Among the original internees were prominent businesspeople, what today some would call the “one percent.” Uriah Scribner, a founder of the Scribner publishing and book-selling empire; Aaron Clark, NYC’s first Whig mayor, and second popularly elected (from 1837-1839); US Representative and President of Columbia University, James Tallmadge; Benjamin Wright, Chief Engineer for the Erie Canal; and Deys, Varicks and other prominent names found on NYC street signs.
See FNY’s All the Marbles page for info on both cemeteries.
Toy Tokyo, at #91 2nd Avenue, is an emporium featuring rare and collectible toys and a premier location to find merchandise from famed toy designers such as Funko, Kaws and Ron English. In addition, unique vintage toys, model kits, games, dolls, and stuffed toys are also offered. Toy Tokyo specializes in rare and collectible Godzilla merchandise including everything from full-body Godzillas to build-it-yourself models, some of which are rare and sell for over $600. The store has been voted Best Toy Store of the Year by Clutter Magazine, a premier source for counterculture and art toy information.

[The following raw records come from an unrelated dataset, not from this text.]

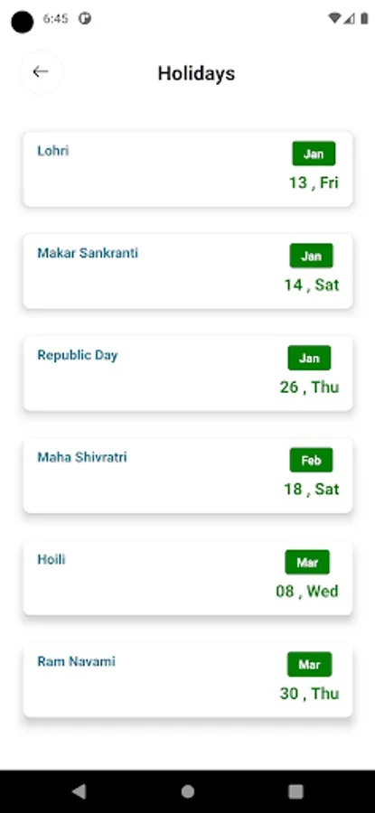 - Yearly Holiday Calendar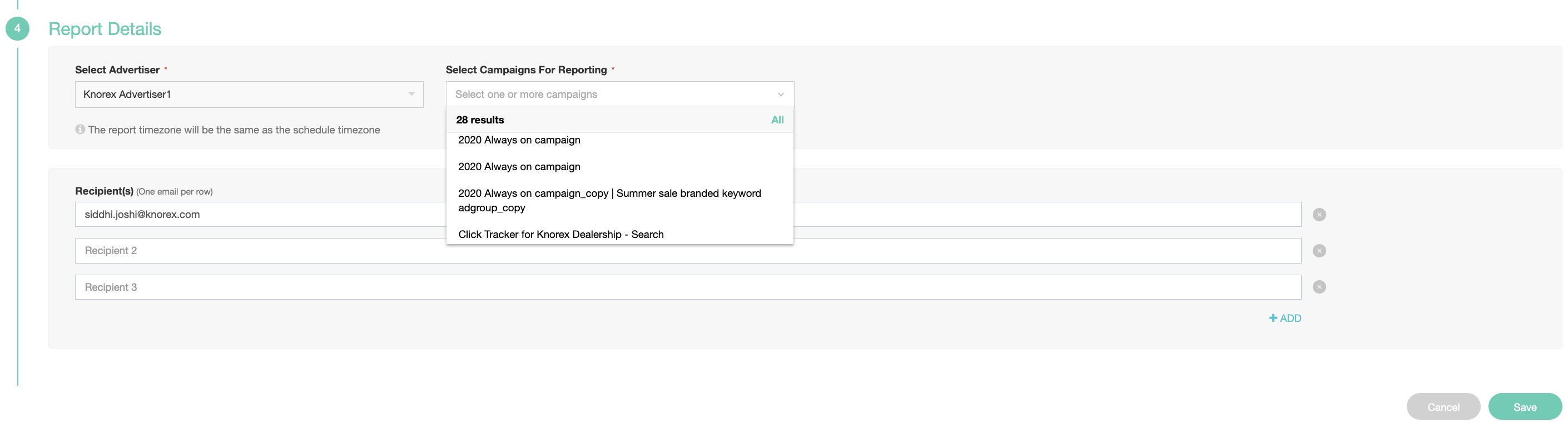 A. If you selected Email as your Delivery Method in step 4, you need to select the Advertiser as well as the Campaign(s) for reporting. You will then need to add the recipient(s) for these reports.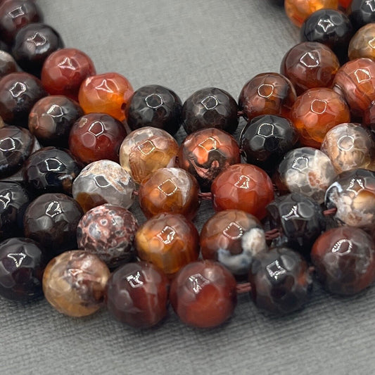 Natural 4mm/6mm/8mm Fire Crackle Agate Dyed Faceted Round Old Lace Gemstone Strand of beads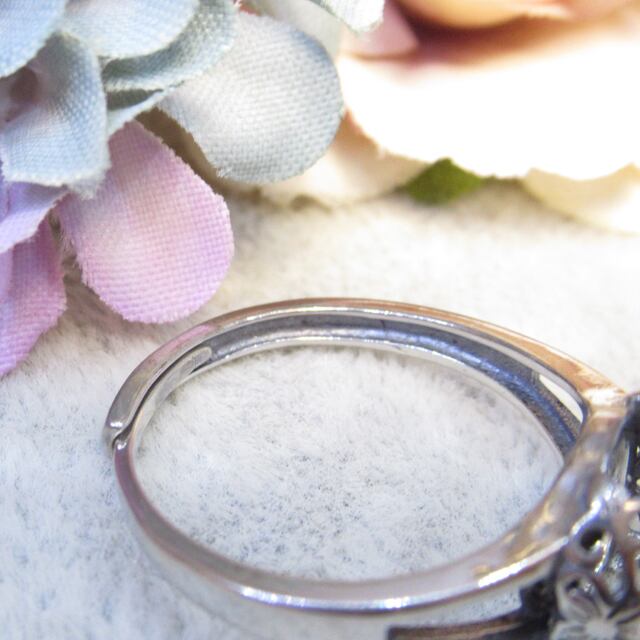 9㎜ サイドフラワー S925 リング台 銀古美

Block Drugs’ red neon sign on the SW corner of 2nd Avenue and East 6th, which (unofficially) goes back to 1948, still lights up brilliantly at night. Block has been in business since 1885, as the corner of the sign indicates. In the windows, there are smaller red neons, one of which says “Cut-rate Cosmetics.” If that date is correct that puts it among NYC’s oldest extant businesses, but surprisingly, it didn’t make my Bible on these matters, Ellen Williams & Steve Redlauer’s Historic Shops & Restaurants of New York (Little Bookroom, 2002).
This seems to be the last survivor of a franchise. From wikipedia:
The company was founded in 1907 by Alexander Block, a Russian immigrant who had a small drugstore on Fulton Street in Brooklyn, New York. He turned the company into a wholesaler in 1915, then became a drug manufacturer in 1925, acquiring a 50 percent interest in Wernet’s Dental Manufacturing Company…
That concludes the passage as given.